NovAtel Focuses on Timing Markets with Telecom Partnership - Inside GNSS - Global Navigation Satellite Systems Engineering, Policy, and Design

NovAtel Focuses on Timing Markets with Telecom Partnership

A recently announced partnership between GNSS technology innovator NovAtel, Inc., and Brilliant Telecommunications underscores the profound changes taking place in the precise timing markets.

A recently announced partnership between GNSS technology innovator NovAtel, Inc., and Brilliant Telecommunications underscores the profound changes taking place in the precise timing markets.

The companies will undertake cooperative development activities, combining their respective technologies to create new product platforms that target advanced timing and synchronization applications. Following on the joint development with KVH Industries of integrated GNSS/inertial products announced earlier this year, the Brilliant alliance reflects NovAtel’s intention to continuing establishing high-level engineering collaborations “to drive growth,” according to NovAtel CEO Jon Ladd.

“We want to expand our reach into more verticals,” says Ladd, “and will exercise the partnership model to do this.”

NovAtel led the latest $11-million round of Series B financing for the Campbell, California–based Brilliant Telecom and now holds a 13 percent stake in the other company. Ladd has also joined the Brilliant board of directors, he told Inside GNSS in an interview.

Founded in 2004, Brilliant Telecommunications designs, develops and distributes a family of network timing, management and synchronization solutions, including carrier-class Network Time Protocol (NTP) and Precision Time Protocol (PTP) servers, primary reference sources (PRS), and building integrated timing supplies (BITS).

Its current product line includes the Zurich Z-1000 Stratum 1 NTP server that incorporates a 12-channel GPS receiver from another manufacturer, and the Cern C-2000 rack-mountable Primary Reference Source (PRS) and Primary Reference Clock (PRC) that accepts GPS inputs from a variety of manufacturers’ equipment.

With so-called third-generation (3G) telecom services, such as Universal Mobile Telecommunications System (UMTS), still rolling out and signing up customers, the industry is already looking ahead to a fourth generation that will rely even more heavily on the Internet and its associated standards (e.g., Internet Protocol or IP). These include such services as video streaming and movie downloads, voice over Internet (VoIP) telephony, and high-definition and mobile television.
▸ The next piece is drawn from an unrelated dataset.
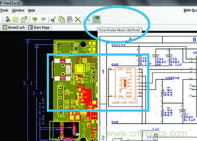6.0版本中的交叉探測(cè)(X-probe)功能能夠在軟件內(nèi)實(shí)現(xiàn)原理圖與PCB設(shè)計(jì)視圖之間的即時(shí)引用,從而進(jìn)一步加快設(shè)計(jì)過(guò)程。通常情況下在PCB視圖中元件的識(shí)別是比較直觀、容易的,但在原理圖中找到該元件的對(duì)應(yīng)符號(hào)卻不那么容易,除非用戶(hù)對(duì)整個(gè)系統(tǒng)都了如指掌。通過(guò)交叉探測(cè)功能,用戶(hù)只需在任一視圖中點(diǎn)擊某個(gè)元件,即可迅速跳轉(zhuǎn)到對(duì)應(yīng)視圖中的同一元件。該功能可從PCB視圖跳轉(zhuǎn)到原理圖,反之亦然。

International telecommunications regulatory and standardization bodies are working towards commercial deployment of 4G networks in the 2012-2015 time scale.

“The evolution from 3G to 4G is profoundly changing the timing requirement for telecommunicatons,” says Colin Maclellan, NovAtel vice-president and general manager. “NovAtel has historically sold into the timing market, but on an ad hoc basis. This [Brilliant partnership] reflects a strategy that brings focus at a time when a discontinuity is occurring in the technology” needed to meet those new requirements.
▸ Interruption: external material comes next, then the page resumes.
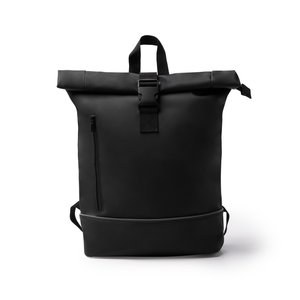 Backpack made from PU and 210D RPET with an extendable main compartment featuring a zip closure and buckle.

Rather than the timing/frequency functions being performed primarily at network nodes and, in the case of synchronized CDMA cellular networks, at macro-base stations, timing must increasingly be implemented at the currently unsynchronized edges of the network — represented, for example, in femtocells for small business and homes.

Brilliant is also targeting a range of markets outside the telecommunications industry, including data centers, utility suppliers, and legal and financial entities subject to regulatory requirements involving precise time. For example,m the New York Stock Exchange’s new Rule 132A requires members to synchronize the business clocks used to record the date and time of any event as mandated by the exchange. Other governmental regulations, such as the Sarbanes Oxley (SOX) and the Health Insurance Portability and Accountability Act (HIPAA) in the United States, require both an accurate time stamp for all transactions and documents, as well as an audit trail (legal traceability) of such transactions.

Under the terms of the NovAtel-Brilliant agreement, both companies will collaborate to build products for OEM’s in the telecom, industrial and scientific instrumentation market. Brilliant will have access to the complete line of products offered by NovAtel including their high-performance antennas. Additionally, NovAtel will have access to Brilliant’s complete line of end-to-end, NTP and PTP/IEEE 1588 products to broaden and expand the overall solutions offered by NovAtel.

The companies, which began discussions last year, “had some mutual friends in the [Silicon] Valley who steered them to us,” says Ladd. NovAtel’s expertise with multiple GNSS systems was a major attraction for the telecom-oriented company.

“NovAtel is an ideal partner for us, as it offers leading . . . technology across the U.S. GPS, Russian GLONASS, and European Galileo satellite systems, and is well positioned for the Chinese Compass system in the future,” says Dr. Charles Barry, president and CEO, Brilliant Telecommunications.

As part of this joint technology agreement, NovAtel and Brilliant will combine development resources for joint product development initiatives. Products developed under this agreement will be marketed and sold by both companies in their respective markets. Ladd declined to reveal the companies’ timeline for new product development, citing competitive reasons.